Figure 9A presents a large, stiff, well-circumscribed, and heterogeneous HCC located centrally in the liver of a patient without underlying liver disease. MRI/MRE was performed ~4 weeks after the earliest available CT. At MRI/MRE, the tumor measured ~13 × 11 cm, involved the caudate and right lobe, and demonstrated heterogeneous arterial enhancement with washout and a pseudocapsule. The patient underwent locoregional therapy (TACE) shortly after MRI/MRE. Over the short interval preceding MRI/MRE, reports described no substantial change in overall size but persistent compressive effects. The mass effect exerted on the liver hilum resulted in obstruction of the biliary ducts, as evidenced by diffuse intrahepatic ductal dilation (white arrows). There were also compression and effacement of the inferior vena cava (IVC, arrowhead) and significant constriction of the central hepatic veins. Conventional MRE showed elevated peri-tumoral stiffness despite the absence of radiologic or laboratory evidence of cirrhosis. This finding suggests that the elevated stiffness in the peri-tumoral region could be due to the large deformation and stretching caused by the mass-forming HCC. The TSM results further supported this interpretation. In the shell-based analysis, this tumor exhibited a large TSM-conventional difference that was maximal near the tumor boundary and decayed with distance (45% in the innermost shell, decreasing to 26% in the outer shells), supporting a prominent localized peri-tumoral effect.
Figure 9.

In vivo demonstration of TSM in two hepatocellular carcinomas with differing degrees of mass effect. (A) Tumor 1: dynamic contrast-enhanced MRI shows a large, well-circumscribed HCC. The mass effect caused biliary ductal obstruction with diffuse intrahepatic ductal dilatation (white arrows), compression and effacement of the inferior vena cave (IVC, arrowhead), and severe compression of the central hepatic veins. Concentric peri-tumoral shell ROIs overlaid on MRI are shown, together with the corresponding and stiffness maps. (B) Tumor 2: a second large HCC with comparatively minimal mass effect; corresponding shell ROIs and stiffness maps are shown. (C) Shell-wise radial profile of the percent difference plotted versus distance from the tumor surface, demonstrating a larger near-boundary TSM-conventional difference for Tumor 1 and a smaller, more uniform difference for Tumor 2. Error bars indicate the 95% confidence interval within each shell.

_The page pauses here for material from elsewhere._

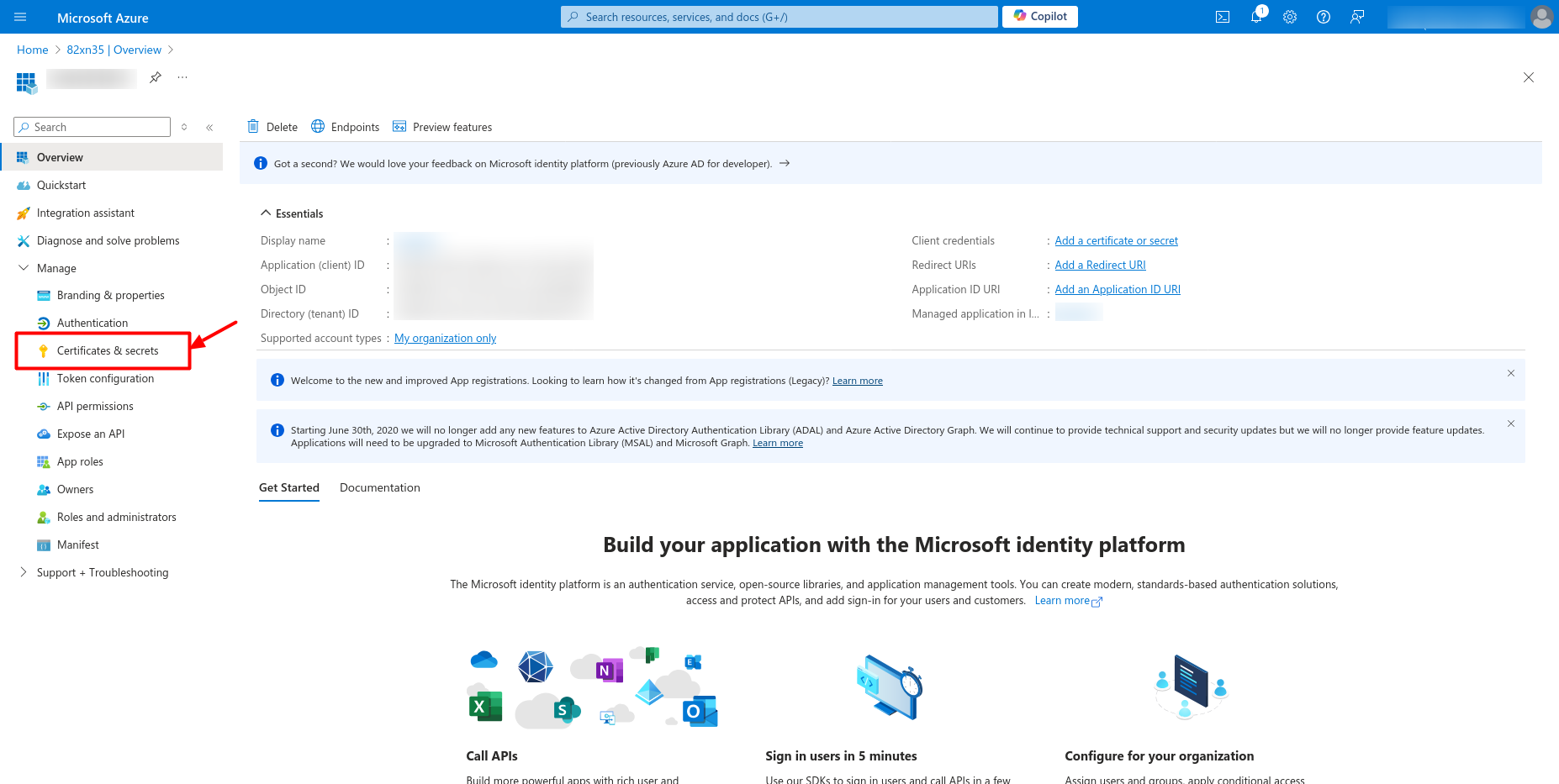3. Next, Click on Manage and then Click on Certificates & secrets

In contrast, Figure 9B displays another large, stiff, and heterogeneous HCC located in the posterior segment of the right hepatic lobe in a different patient. MRI/MRE was performed approximately one week after an outside contrast-enhanced MRI used for diagnostic evaluation. The tumor was again described as very large (approximately 10 × 14 × 20 cm), and the report did not describe a definitive interval size change over the short comparison interval. The patient proceeded to definitive management shortly after MRI/MRE as part of surgical planning. In this case, only minimal mass effect was observed. Peri-tumoral stiffness measurements were within the normal range for both TSM and conventional inversion. Consistent with this qualitative impression, the shell-based analysis showed a much smaller TSM-conventional difference (12% near the boundary, decreasing to 5% distally), indicating a potentially stable lesion with limited expansile loading at the time of imaging.
Discussion
In this study, we introduced tissue strain mapping (TSM), a new MRE-based method developed to evaluate strain-induced perilesional stiffness changes associated with expanding lesions. The technique is grounded in the hypothesis that actively expanding lesions result in significant stretching and high strain in the perilesional area. This leads to a dependency of the probed shear stiffness variations in the perilesional tissue on the direction of shear wave propagation, considering the nonlinear elastic behavior of biological tissues. By applying spatial-temporal DF to decompose complex wave fields following the contour of the lesion-host boundary, TSM enables selective inversion and reconstruction of stiffness maps that reveal localized stiffening patterns indicative of abnormal strain near an expanding mass.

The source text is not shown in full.